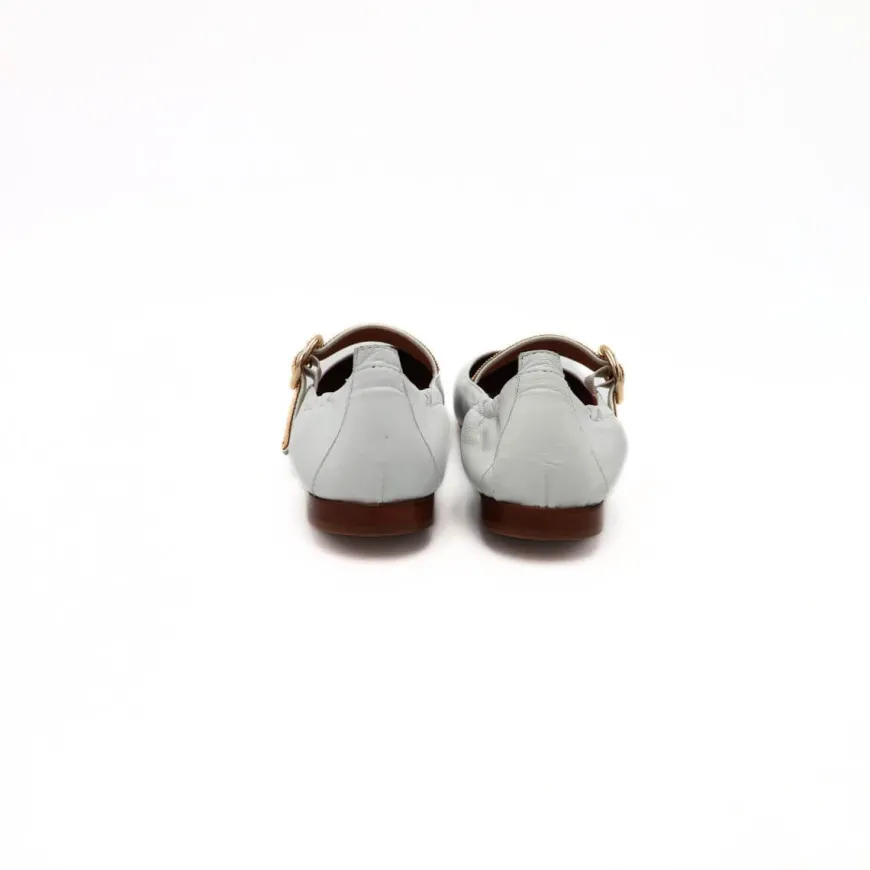 Ballerina bebè da donna di VIOLA RICCI, realizzata in pelle bianca con cinturino con strass oro e fibbia. Elastico sul tallone. Inteno e sottopiede morbido in pelle. Suola in cuoio con mezza pianta in gomma. Calzata piccola.
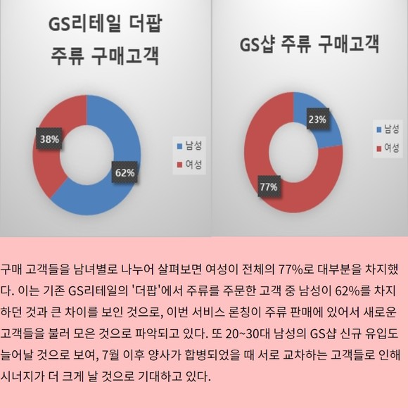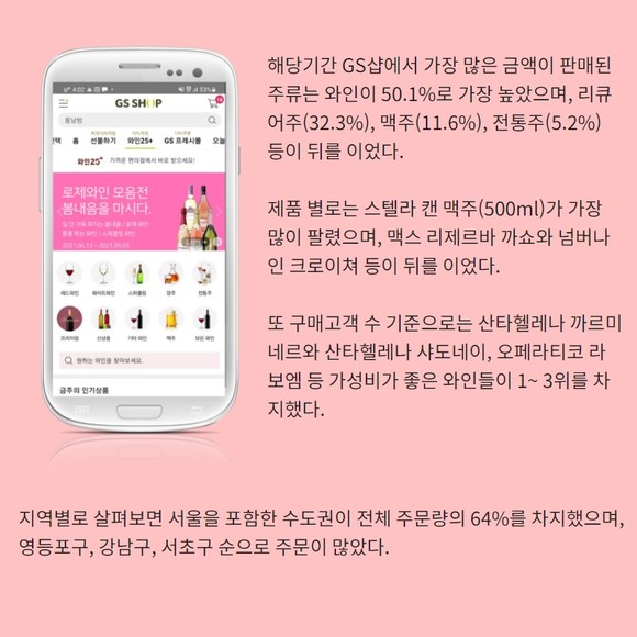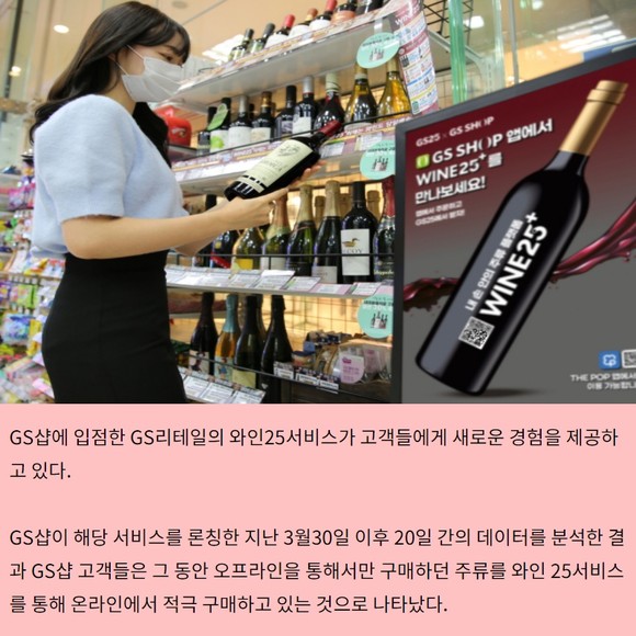GS샵이 해당 서비스를 론칭한 지난 3월30일 이후 20일 간의 데이터를 분석한 결과 GS샵 고객들은 그 동안 오프라인을 통해서만 구매하던 주류를 와인 25서비스를 통해 온라인에서 적극 구매하고 있는 것으로 나타났다.
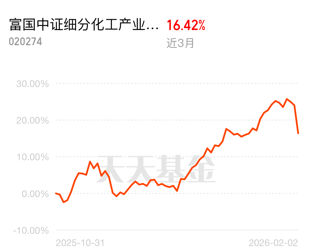 #黄金白银双双回调 贵金属后市何去何从?# 短期波动别怕,关键看底层逻辑硬不硬富国中证细分化工产业主题ETF联接C跟踪的指数覆盖了化学制品精选、磷化工、氢能等多个高景气子行业,近3个月16%的涨幅背后,是开工率提升和嬴利改善的支撑,不是靠讲故事,而是实打实的产业数据在推动,适合分步配置、长期陪伴。
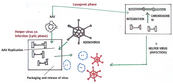 - AAV life cycle comprises two phases-lytic and lysogeny.

= = = = = = =

(How to complete this task):
The answer must be the full listing, word for word, with no images in it.

(The completed task):
 Ballerina bebè da donna di VIOLA RICCI, realizzata in pelle bianca con cinturino con strass oro e fibbia. Elastico sul tallone. Inteno e sottopiede morbido in pelle. Suola in cuoio con mezza pianta in gomma. Calzata piccola.
GS샵이 해당 서비스를 론칭한 지난 3월30일 이후 20일 간의 데이터를 분석한 결과 GS샵 고객들은 그 동안 오프라인을 통해서만 구매하던 주류를 와인 25서비스를 통해 온라인에서 적극 구매하고 있는 것으로 나타났다.
 #黄金白银双双回调 贵金属后市何去何从?# 短期波动别怕,关键看底层逻辑硬不硬富国中证细分化工产业主题ETF联接C跟踪的指数覆盖了化学制品精选、磷化工、氢能等多个高景气子行业,近3个月16%的涨幅背后,是开工率提升和嬴利改善的支撑,不是靠讲故事,而是实打实的产业数据在推动,适合分步配置、长期陪伴。
 - AAV life cycle comprises two phases-lytic and lysogeny.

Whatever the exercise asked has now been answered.